→ **DATA TO EXAMINE**:
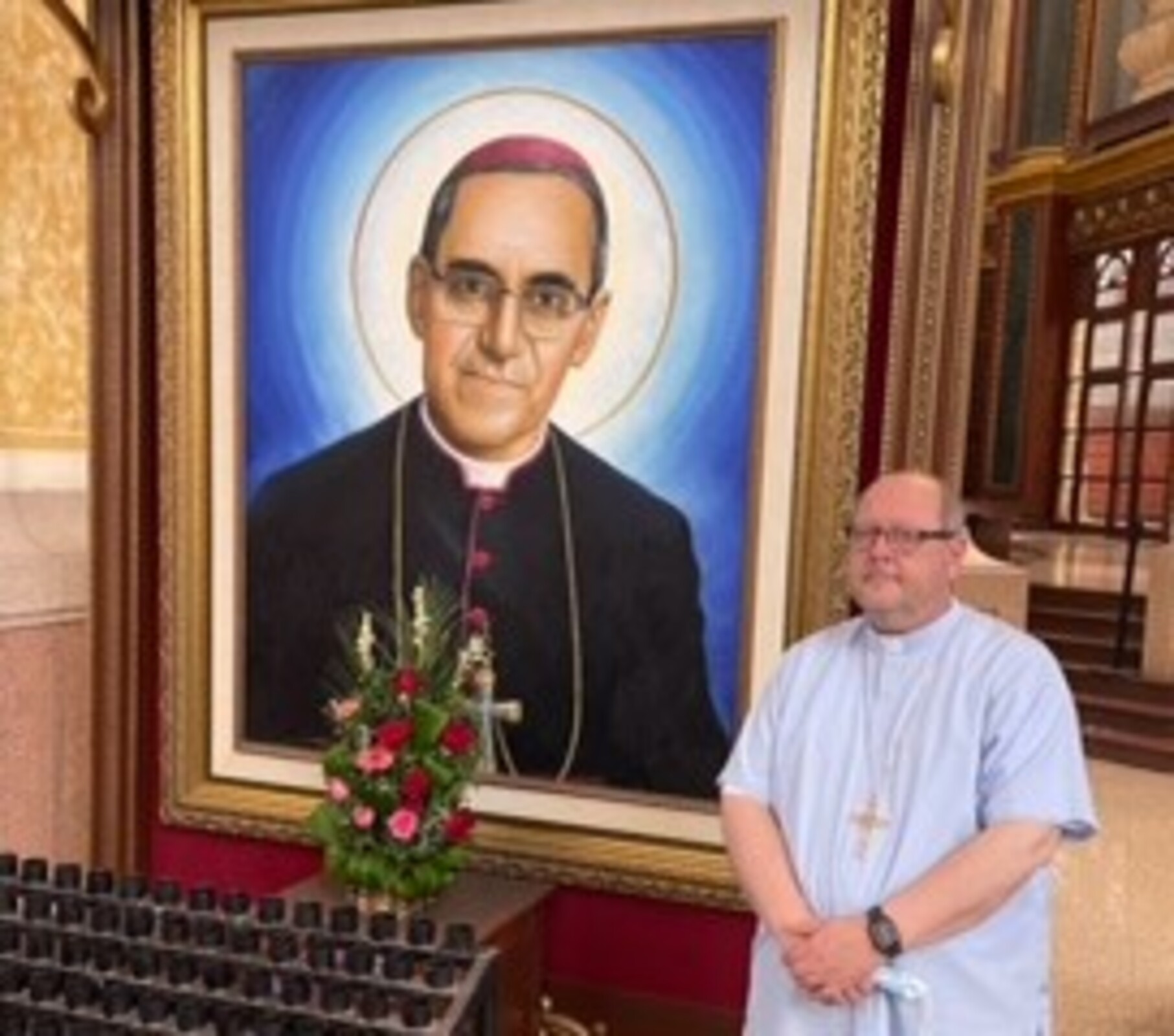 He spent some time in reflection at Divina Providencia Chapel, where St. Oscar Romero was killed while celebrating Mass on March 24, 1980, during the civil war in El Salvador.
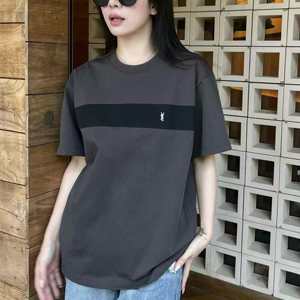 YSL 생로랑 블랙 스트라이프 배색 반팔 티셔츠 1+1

==

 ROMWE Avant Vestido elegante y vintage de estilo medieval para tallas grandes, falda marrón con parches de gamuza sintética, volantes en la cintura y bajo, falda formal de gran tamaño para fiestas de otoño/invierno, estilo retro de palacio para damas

→ **TASK DIRECTIONS**: Reproduce, word for word, everything in the listing above from the line containing "He spent some" down to the line containing "YSL 생로랑 블랙 스트라이프 배색 반팔 티셔츠 1+1", both of them included. No pictures.

→ **ANSWER AREA**:
 He spent some time in reflection at Divina Providencia Chapel, where St. Oscar Romero was killed while celebrating Mass on March 24, 1980, during the civil war in El Salvador.
 YSL 생로랑 블랙 스트라이프 배색 반팔 티셔츠 1+1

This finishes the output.